Get involved
A Find An Hour orientation session will be held at 6 p.m. Wednesday at Big Brothers & Big Sisters, 2107 S. 12th St., Tacoma. Tacoma has reached a “tipping point” in public education. Following Malcolm Gladwell’s 2002 best-seller of the same name, we see a city on the verge of educational greatness.
But greatness isn’t free, and it isn’t easy. And educational greatness depends on how well we all come through for all of our children.
Imagine if we all found just one hour a week to give to the Tacoma’s children. We know that high-quality, one-on-one tutoring for one hour a week during the school year can result in great leaps in learning for a student. Just one hour a week.
Six out of 10 of Tacoma’s schoolchildren live in poverty. Students of color also are experiencing a widening achievement gap in public education. These students are our neighbors and our children’s classmates and friends. Tacoma Public Schools has acknowledged that there is an achievement gap for students of color and has pledged to reduce this gap each year by 10 percent.
In a 2008 News Tribune interview, Superintendent Art Jarvis stated, “My focus and our focus really has been: How do we move further down that path of closing the achievement gap.” The Find An Hour coalition is ready to help the school district walk “down that path” to eliminate the achievement gap.
Our town’s most successful educational programs, particularly those with the greatest promise for closing the gap, require longer school days and Saturday work from teachers. Intense involvement with students who doubt their own academic abilities can lead easily to depletion of our teaching pool as people burn out.
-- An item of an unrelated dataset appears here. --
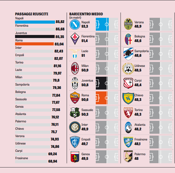 A campionato ormai terminato, non resta altro che analizzare i dati delle varie squadre che si sono date battaglia in questa lunga ed emozionante cavalcata. I numeri non mentono mai, direbbero i più pignoli, eppure a dominare le statistiche non c’è l’insaziabile Juve di Allegri ma il sorprendente Napoli di Sarri. Secondo quanto riportato dall’edizione odierna de La Gazzetta dello sport gli azzurri hanno dei numeri straordinari: “ Gli azzurri hanno avuto il baricentro più alto del campionato (53,3 metri), maggior possesso palla (62,85% di media), con la miglior percentuale di passaggi riusciti (85,82%), che includono il miglior passatore del campionato: Jorginho ha chiuso con la mostruosa cifra di 3.590 appoggi, con i compagni Hamsik3.013) e Albiol (2.574) a seguire”.

Just how many years of 12-hour days and Saturday half-days can one person endure?
Help is on the way. We can all play a major role in that help. According to the National Education Association, students struggling academically can learn to “master the skills necessary for success” from one-on-one tutoring and mentoring.
Research demonstrates that 35 to 40 hours a year of one-on-one academic work with a caring adult can improve a student’s reading level by a whole year. One hour a week can help a child develop the skills needed for academic success.
Tacoma is a generous community; individuals and organizations give money and time to help make the city better. We believe many people can Find An Hour in their lives to work with a student.
We are a coalition of educators in K-12 and higher education, organizations dedicated to serving children, and individual mentors and tutors who know from their experiences that “1 great kid + 1 caring adult = 2 changed lives.”
A caring adult can improve a child’s self-confidence, develop a student’s resiliency in the face of major life challenges, and lessen a young person’s vulnerability to the tyranny of poverty and its consequences – drugs, crime, disease and despair.
Increasing the educational achievements of our children will improve Tacoma for all of us. Each high school dropout will cost us $260,000 during his or her lifetime. It costs $22,600 to house a prison inmate for a year; it costs $9,600 each year to educate a child.
If the percentage of college graduates in our community were to rise by 1 percent, we would see an increase in people’s annual income in our town of over $150 million dollars!
Recognizing the difference a caring adult can make in a student’s life, and appreciating the value of an educated citizenry for Tacoma, Mayor Marilyn Strickland and the City Council have proclaimed October “Find An Hour” month.
To learn more about how you can answer this call, please visit our website findanhour.org or call 253-242-2463. You can learn more about this movement by coming to an orientation session Wednesday (see box).
Our children are waiting for you. Will you reach out to them for the sake of our town?
Carmetrus Parker is the director of community relations at Trinity Presbyterian Church. David Droge is a professor emeritus at the University of Puget Sound and a graduation adviser at Lincoln High School.